─── Available data

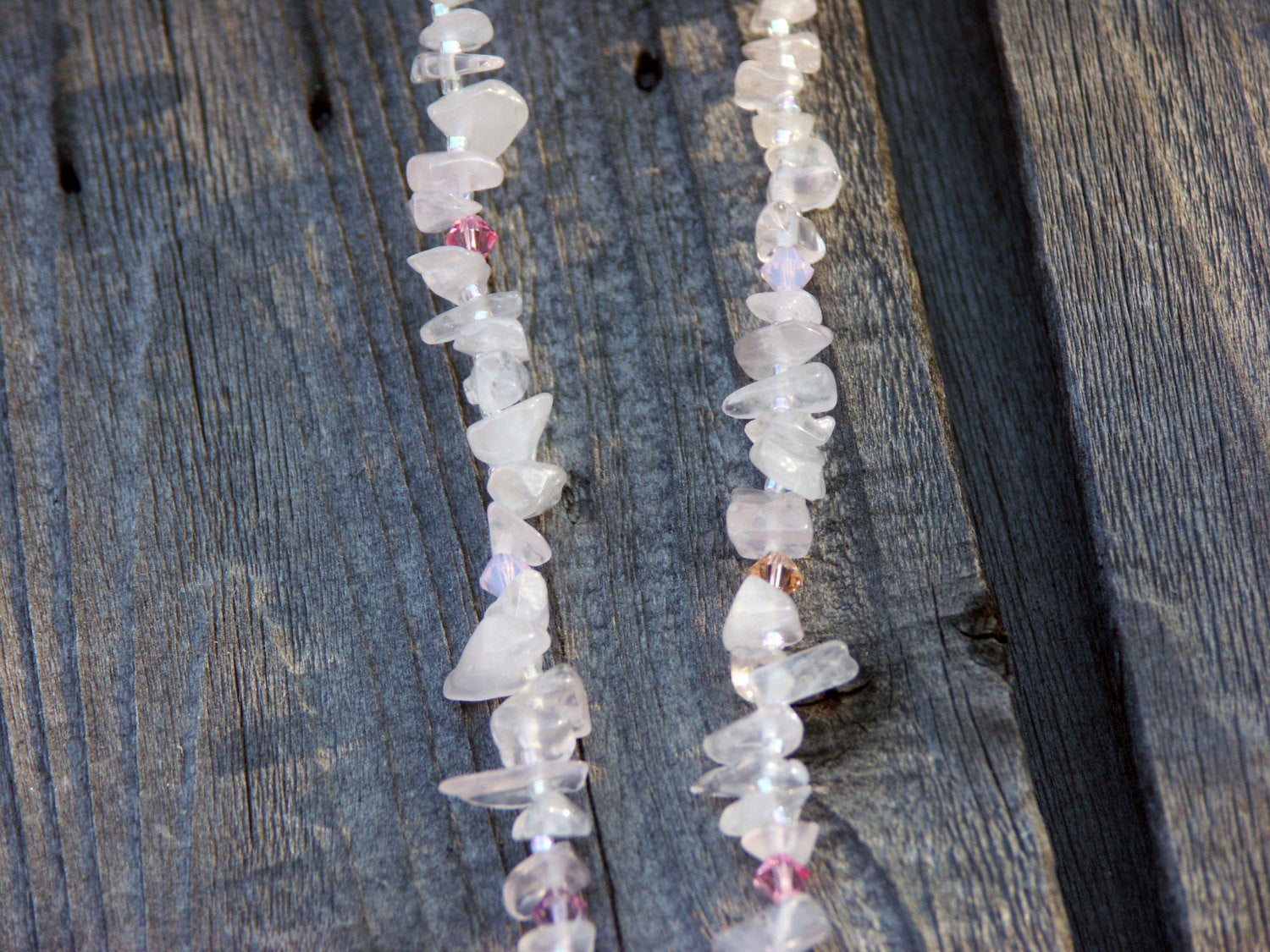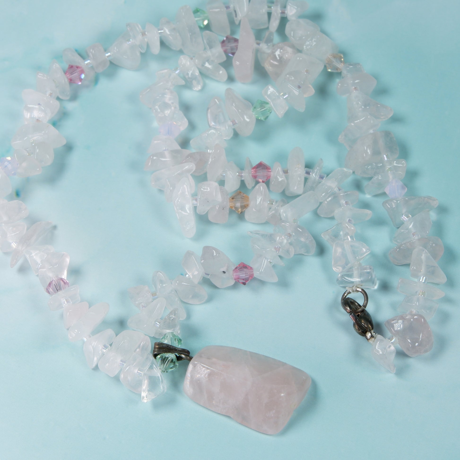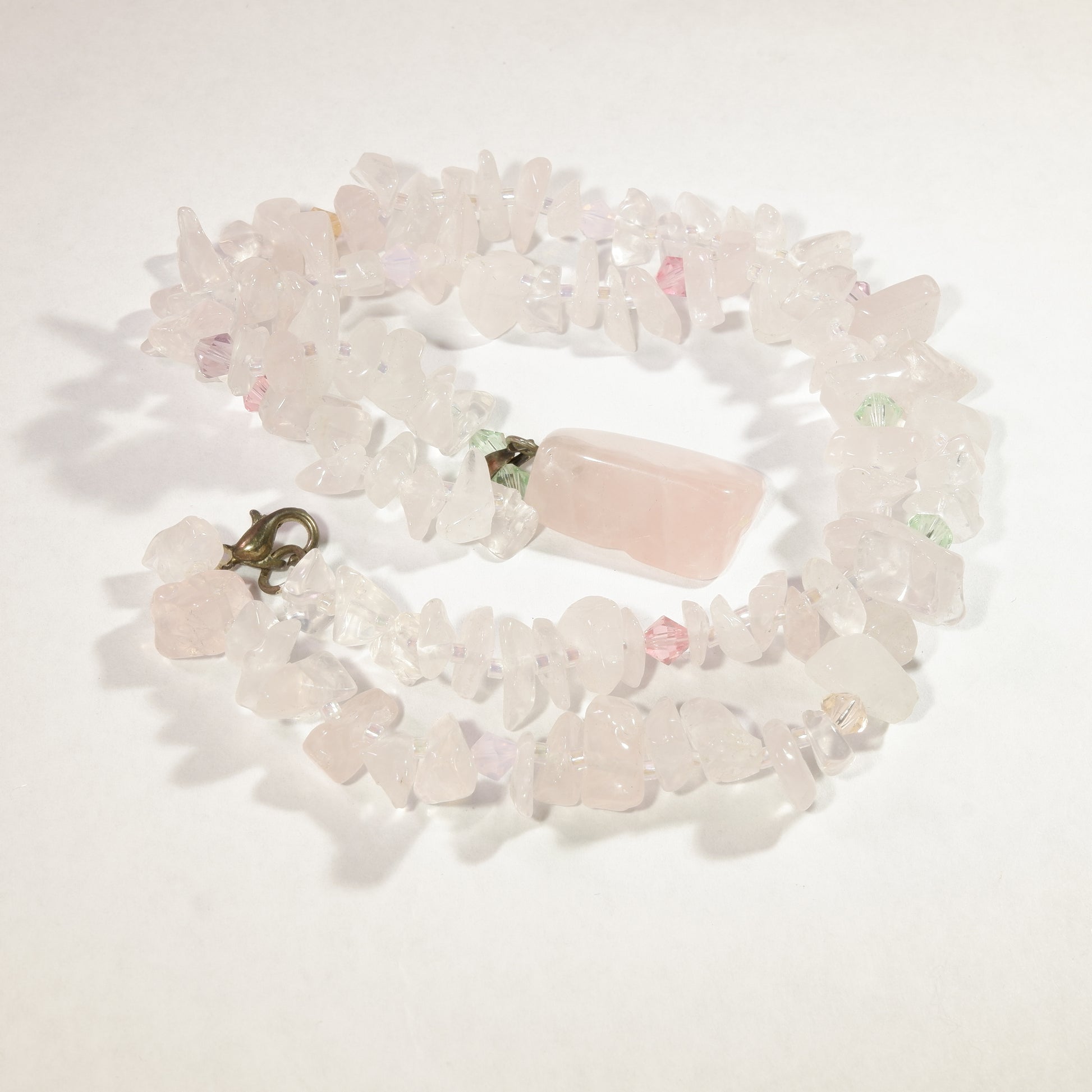 Welcome spring-time with this soft pastel necklace featuring Rose Quartz chips, a Polished Rose Quartz focal, accented with different colored Crystals for a subtle sparkle. The necklace is about 18inches long and can be made longer upon request via an extender chain. The necklace is strung through three times with 4lb test Fireline Thread to ensure maximum durability.
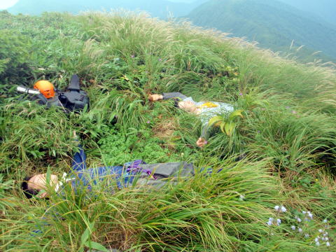 ドタッ、山頂はふかふかの草むらでした
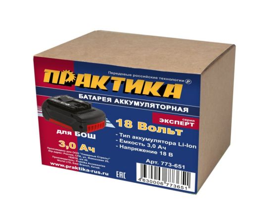 Аккумулятор ПРАКТИКА 773-651 для BOSCH 18В, 3.0Ач, Li-ION, в коробке

──────

**Work order**
Locate "ドタッ、山頂はふかふかの草むらでした" in the listing above, then print exactly the lines from that line through the final one, omitting all pictures.

**Answer space**
 ドタッ、山頂はふかふかの草むらでした
 Аккумулятор ПРАКТИКА 773-651 для BOSCH 18В, 3.0Ач, Li-ION, в коробке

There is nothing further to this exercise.